Me sigo sorprendiendo de la fortaleza que tengo y de la manera en la que ahora afronto las tristezas. Antes, cuando alguien se iba de mi vida, me pasaba días llorando. Hoy, en cambio, soy yo la que prepara una despedida grande, bonita y con la frente alta.
Ya no le pido a nadie que se quede ni le ruego a nadie por cariño. No me he vuelto ni rencorosa ni orgullosa, pero sí he cambiado mi forma de mirar las cosas. Cada golpe, cada lección, me ha ido poniendo firme el corazón. De tanto caer, he aprendido a levantarme; de tanto tropezar, he conseguido andar derecho.

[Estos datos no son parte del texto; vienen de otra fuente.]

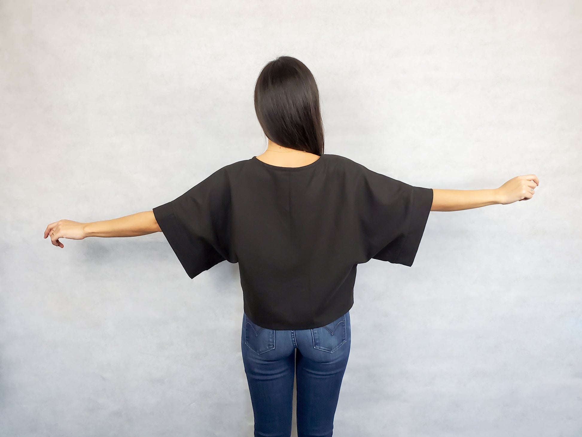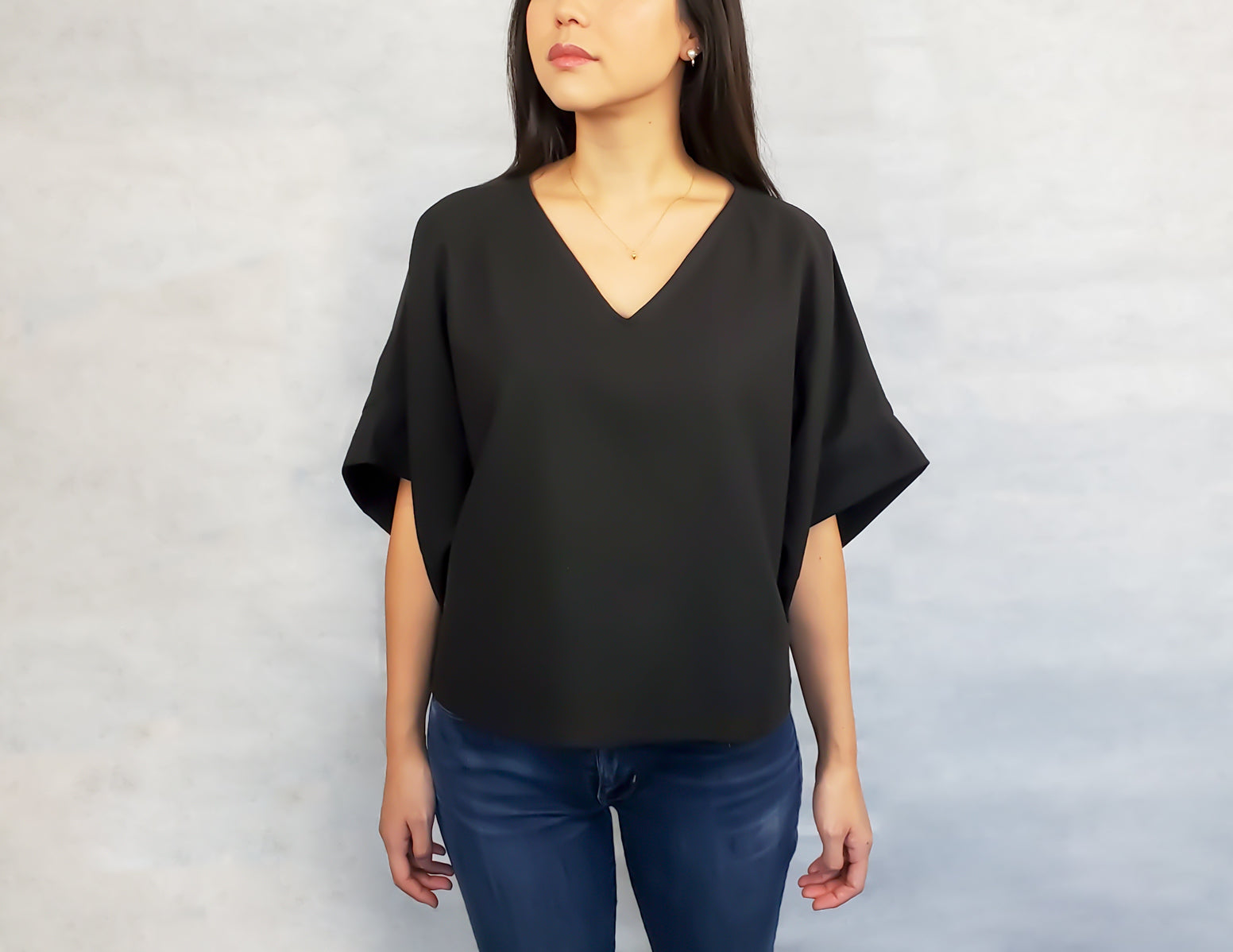 Beautiful top! I've already worn this a few times and I absolutely love it. Completely versatile and comfortable. Yuki has thought of every detail, including adding the tag to the inside bottom rather than the collar so you can wear it with the V in front or back. I'll definitely be purchasing again!!
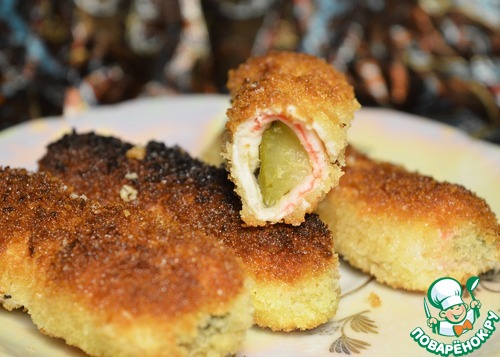 Как же шикарно хрустит эта панировка! Более хрустящей я ещё не пробовала. А когда под такой панировкой прячутся огурчик с крабовой палочкой, то получается не просто песня, а целая опера!

No queda rastro de aquella que fui ayer, salvo mi esencia, mi sonrisa y mi apariencia. Lo que soy no se ha construido de la noche a la mañana; ha sido a base de lágrimas, coraje y muchas madrugadas en vela. Todo aprendizaje me lo he ganado a pulso, con lo duro que he vivido.
Y aun así, siempre busco ser mejor. Pero no olvido por qué he crecido, ni quién me ha hecho fuerte en el camino. Hoy me miro y me reconozco: soy la misma de siempre, pero más entera, más serena y con un corazón que sabe lo que vale.
Porque la vida me ha enseñado a despedir sin odio, a recordar sin rencor y a seguir sin miedo. Y eso, amigas, es un lujo que no se compra: se conquista.